The decrease in BP induced by physical activity may be explained by decreased stroke volume and contractility of the heart after exercise,24 combined with the decreased systemic vascular resistance25 caused by decreased sympathetic activity. Other suggested mechanisms include reduced levels of plasma renin activity and catecholamines,26 as well as increased urinary sodium excretion and insulin sensitivity.27
Overweight, obesity, and weight gain have been shown to be important and independent risk factors for the development of hypertension.1517Overweight and obese people are usually less active than people of normal weight.8,28 It has been hypothesized that increasing physical activity might reduce BP through decreased body weight or favorable changes in body fat distribution.29 We found that being overweight was associated with an increased risk of hypertension in subjects at any level of physical activity. High physical activity was associated with a lower risk of hypertension, independent of baseline BMI. Furthermore, the protective effect of physical activity was consistent in both overweight and normal weight subjects.
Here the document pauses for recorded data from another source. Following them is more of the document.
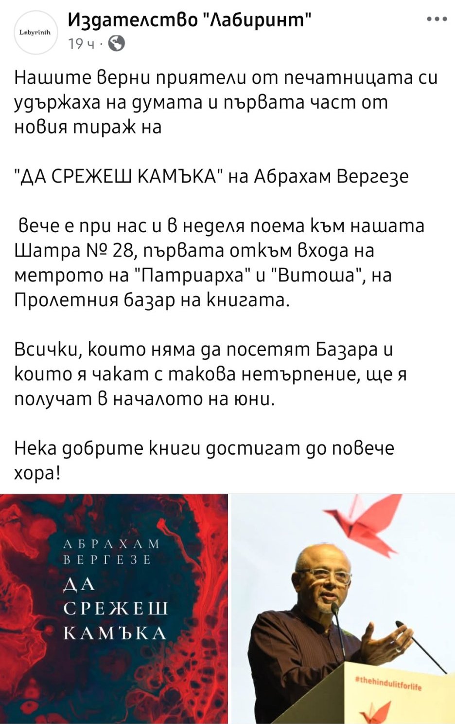 Знаете ли кога ще бъде на пазара новото издание на "Да срежеш камъка"? От издателството бяха обявили за края на май, но още никъде не я намирам като "при-ордър" дори.
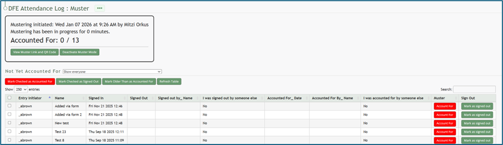 Once Emergency Muster has been activated, the page will change. The muster summary at the top of the page communicates that muster mode has been initiated.
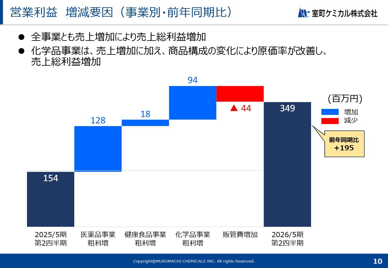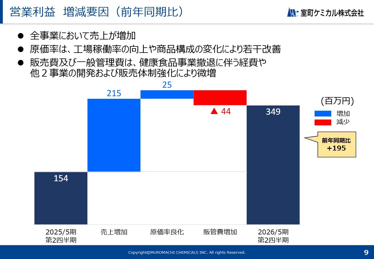 営業利益は、前年同期比で1億9,500万円増加しました。全事業で売上が増加したことに加え、工場稼働率の向上や商品構成の変化により原価率が若干改善したことで、売上総利益が増加しています。
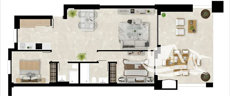 Na slunném pobřeží Costa del Sol vzniká rezidenční projekt, který spojuje moderní architekturu, klidnou atmosféru a příjemnou pěší vzdálenost k pláži. Tento prostorný přízemní apartmán o 83 m² nabízí dvě útulné ložnice, dvě elegantní koupelny a velkou terasu o 29 m² orientovanou na západ, kde večery patří západům slunce a pomalému středomořskému tempu.
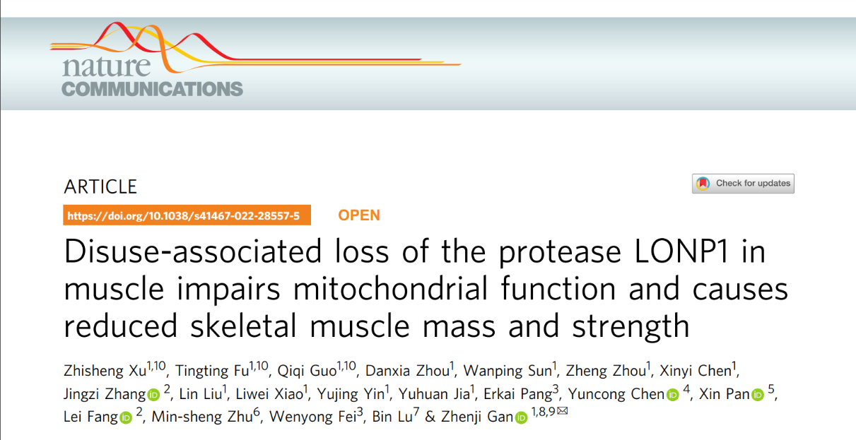 On February 16, 2022, Nature Communications published the latest research findings from Professor Zhenji Gan’s group titled “Disuse-associated loss of the protease LONP1 in muscle impairs mitochondrial function and causes reduced skeletal muscle mass and strength.” The co-first authors of this paper are Zhisheng Xu, Tingting Fu, and Qiqi Guo, who are doctoral students from Nanjing University, with Professor Zhenji Gan as the corresponding author. This research has revealed the mechanism behind the relationship between the regulation of mitochondrial protein homeostasis and the maintenance of skeletal muscle mass and function during the process of muscle disuse.
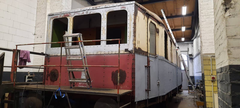 Erfreuliches gibt es sonst noch zu berichten. Wie Sie vielleicht verfolgt haben, ist der Verein seit ungefähr drei Jahren im Besitz des Beiwagen 190 851. Er ist ein alter Prignitzer, denn er wurde jahrzehntelang auf den Nebenbahnen rund um Perleberg und damit in unserer nächsten Nachbarschaft eingesetzt. Nach Stilllegung der Strecken wurde er nach Berlin umbeheimatet und diente als Dienstfahrzeug dem (Ost-)Berliner Bauamt bzw. der Deutschen Reichsbahn. Zuletzt wurde er in einem Lager des Berliner Museums für Verkehr und Technik aufbewahrt. Freundlicherweise hat uns dieses Museum das Fahrzeug überlassen. Wir erinnern uns, dass er Mitte Dezember 2019 mit verblichenem Lack, aber immerhin noch auf eigenen Rädern in Wittenberge ankam.
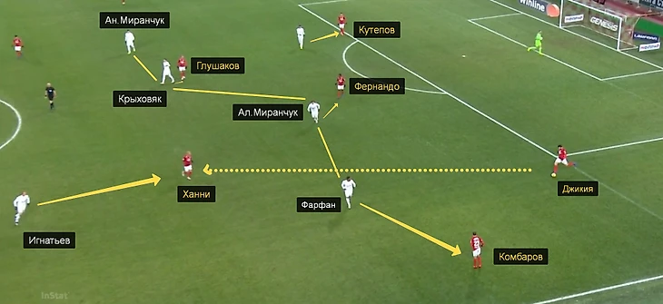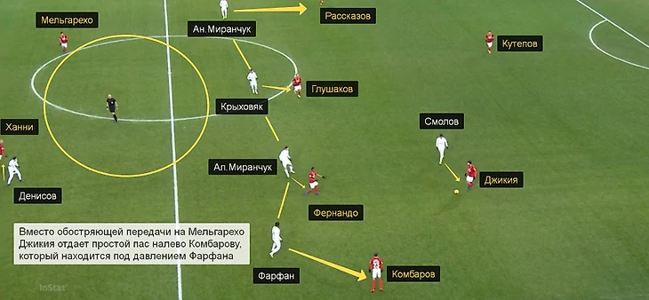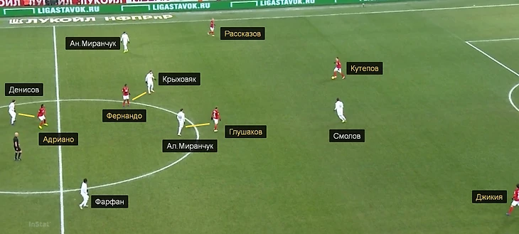 Визуально их было больше (InStat насчитал 8), и почти все из них были одинаковыми – Рассказов уходил от Антона Миранчука с правого фланга в середину. Это происходило и под давлением на половине «Спартака», и на границе чужой финальной трети, когда Рассказов продвигал мяч к штрафной Гильерме.
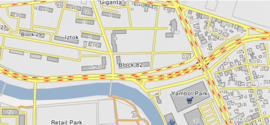 „Георги Дражев " /мост за к в. Каргон до Ловен дом/, през кръстовища при Биков мост и мост при Ритейл парк Ямб ол, кръстовище с ул. ,,Срем", под мост на ул. ,,Граф Игнатиев " до кръстовище с ул. ,,Търговска" на Булевард „ Крайречен" .

Provided that our finding represents a causal relationship between physical activity and the incidence of hypertension, physical activity should be considered as an important measure for the prevention of hypertension among overweight and obese persons. Weight reduction in overweight and obese people reduces the risk of hypertension, but it is well known that weight reduction in obese people is not easy, and even at best, only a limited weight reduction may be achieved.30 Therefore, it is important to identify other ways to reduce the risk of hypertension. Physical activity seems to be a useful approach in this respect. The recent Finnish Diabetes Prevention Study showed that, in overweight subjects with glucose intolerance who received intensified lifestyle intervention (diet intervention and moderate exercise for at least 30 minutes per day), the long-term reduction in body weight was
3 to 3.5 kg compared with control subjects.31 This intervention resulted not only in a marked reduction in the risk of developing type 2 diabetes, but also in a significant drop in blood pressure (4 mm Hg for systolic BP and 2 mm Hg for diastolic BP compared with control subjects).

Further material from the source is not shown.